What were the positives and negatives of the experience?  Did anything about the experience surprise you?   I think that writing a book for the AMS cannot involve any negative aspects. It is a great opportunity which has many positive aspects. One important positive point of publishing with the AMS is that you work with a society of mathematicians. This is very helpful, because they are able to evaluate your book idea quickly. Moreover, authors receive unfailing support from the AMS personnel. They are all strongly committed to work with authors and to help them effectively. I was really surprised when I found that professor Gerald Folland is the chair of the editorial committee of the AMSTEXT. I always admired him as a great author, and I learned measure theory and harmonic analysis from his excellent books. I have taught measure theory several times using his Real Analysis book.

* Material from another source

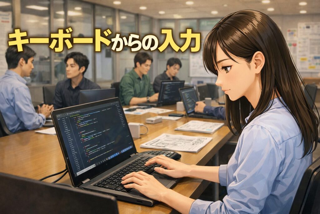 キーボードからの入力とは、プログラムを実行しているときに、ユーザーがその場で文字を入力し、その内容をプログラムの中で受け取ることです。

Did you have a special place where you liked to write?   How did you stay motivated and focused?   I write in both my university office and my home. More generally, I can write in any quiet place where I have access to a pen and enough sheets of paper. Of course, access to appropriate books and an internet connection is sometimes necessary for me to write. When you sign a contract with a great publisher like the AMS, motivation and focus come automatically to your assistance!

Did time pressure or other responsibilities help or hurt your writing?   Deadlines allow us to work more efficiently. I always consider deadlines for my projects, even if I am not asked to do so. No matter a deadline is proposed to me or it is considered by myself, I do my best to finish my task on or before that date.

What advice would you give to new authors?   Writing books is a nice experience in which one is able to help students worldwide by making some parts of mathematics accessible to them. It is also a great opportunity for those who wish to share their teaching plans and approaches with other instructors. So, if you think you have hot ideas for book writing, please try to work hard on your ideas and help the mathematics community by writing influential books!